Por qué Brasil puede avanzar
El equipo de Ancelotti se ha vuelto más estructurado y menos caótico que en ciclos anteriores. Las dos porterías a cero consecutivas confirman un orden defensivo que antes no existía, y arriba la pegada está intacta. Vinícius Júnior llega a cuatro goles tras su doblete a Escocia y es, sencillamente, el jugador con mayor capacidad de romper líneas del torneo. A su lado, Matheus Cunha aporta movilidad y finalización, mientras Bruno Guimarães equilibra el centro y Alisson da seguridad atrás. El regreso de Neymar añade variantes ofensivas, aunque también incógnitas de rotación.

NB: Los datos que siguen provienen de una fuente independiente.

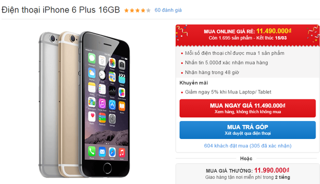 Thế nhưng nhiều nhà bán lẻ trong nước lại đang bán iPhone 6 Plus chính hãng với giá 11,49 triệu đồng với hình thức mua hàng online, qua đó rẻ hơn 500,000 đồng nếu mua iPhone 6 với giá 11,99 triệu đồng.

El 4-3-3 flexible que se transforma en 4-1-3-2 o 4-1-4-1 permite a Brasil atacar por fuera y castigar con cambios de orientación. Frente a un Japón que cederá posesión, los duelos de Vinícius contra el costado derecho asiático pueden ser la llave del partido. Y la experiencia individual en eliminatorias pesa: este plantel sabe gestionar momentos calientes.
Por qué Japón puede avanzar
Japón no es invitado de piedra. Su bloque compacto, las distancias cortas entre líneas y la presión coordinada lo convierten en un rival incómodo. El dato es elocuente: nueve de sus últimos diez goles mundialistas llegaron en segundos tiempos, lo que habla de un equipo que crece con el partido y reacciona bajo presión. Ya remontó dos veces a Países Bajos.
La amenaza vertical de Maeda, Ueda y Nakamura tras robo puede explotar el punto débil brasileño: ese espacio entre centrales y laterales que Marruecos castigó en el debut. Además, su peligro a balón parado quedó claro con el empate por córner en el 88' ante los neerlandeses. Si Brasil deja a sus laterales altos, Japón correrá a la espalda.
Qué factores pueden cambiar el equilibrio
Hay incógnitas de plantilla que conviene vigilar: 365Scores lista a Raphinha como baja en Brasil y a Kubo en Japón, aunque GOAL no confirma ausencias y los onces siguen sin cerrarse. Si Kubo no juega, Japón pierde creatividad entre líneas. El rol de Neymar y la gestión de minutos también influyen. Un gol temprano cambiaría el guión por completo: si Japón se adelanta, obligaría a Brasil a abrirse y exponerse a las transiciones; si Brasil golpea primero, el plan asiático se complica enormemente. La influencia de los cambios y la posible prórroga serán claves en un partido que espero más táctico que abierto.
Pronóstico final y cuotas
El mercado favorece con claridad a Brasil: su victoria se paga 1.79, el empate 3.58 y el triunfo japonés 4.73. Las probabilidades implícitas rondan el 54% para Brasil, 26% para el empate y 19% para Japón. Comparto esa jerarquía. Mi pronóstico principal es la victoria de Brasil a 1.79, sustentado en mayor calidad individual, dos victorias 3-0 seguidas y mejor estado de forma.
Ahora bien, la lógica del partido sugiere un marcador corto. Japón reducirá ritmo y espacios, como hizo ante Suecia, y eso me lleva hacia una opción alternativa con valor: el Total menos de 2.5 a 1.81. El mercado con más value parece ser precisamente ese cruce entre favoritismo brasileño y guión controlado. No espero una goleada, pero sí una victoria por margen ajustado. Por el desarrollo que espero, el resultado más probable sería un 1-0 o 2-0 para Brasil.
Si el partido se igualara y llegara a la prórroga, la mayor profundidad de plantilla y el talento diferencial de Vinícius y Neymar deberían inclinar la balanza hacia los sudamericanos. Mi conclusión es que Brasil avanza a octavos de final, aunque el partido puede ser más cerrado de lo previsto.